## What you will do
Transcribe all the data below exactly, leaving its pictures out.

## Supplied material
══════

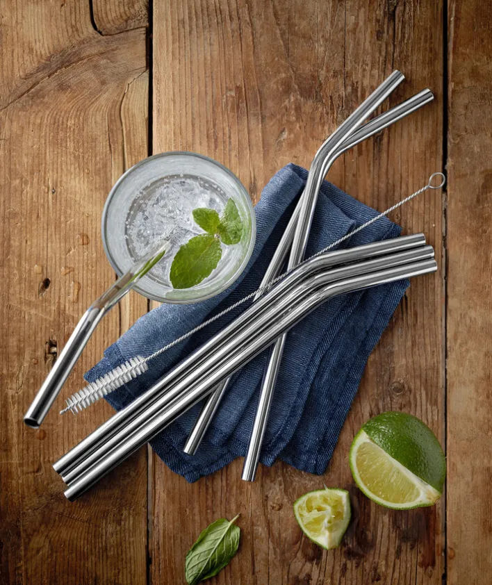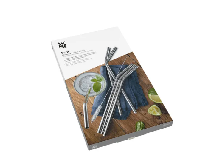 Mit dem 7-teiligen WMF gebogene Trinkhalme Set BARIC aus Edelstahl lassen sich Cocktails und alkoholfreie Getränke jetzt auch umweltfreundlich genießen.
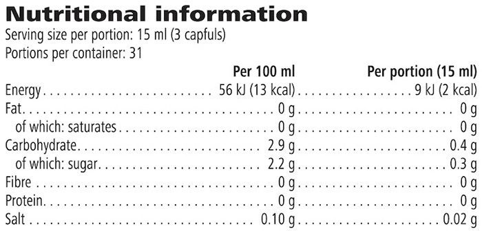 - Free from colourants, sweeteners and flavourings
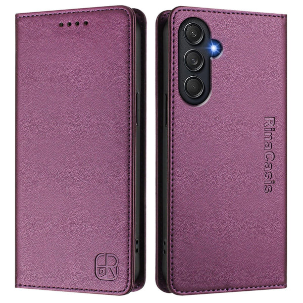 For Samsung Galaxy M54 5G Global / F54 RC01 Dual-Folded Magnetic Suction RFID Leather Phone Case(Violet)

══════

## Answer to the exercise
 Mit dem 7-teiligen WMF gebogene Trinkhalme Set BARIC aus Edelstahl lassen sich Cocktails und alkoholfreie Getränke jetzt auch umweltfreundlich genießen.
 - Free from colourants, sweeteners and flavourings
 For Samsung Galaxy M54 5G Global / F54 RC01 Dual-Folded Magnetic Suction RFID Leather Phone Case(Violet)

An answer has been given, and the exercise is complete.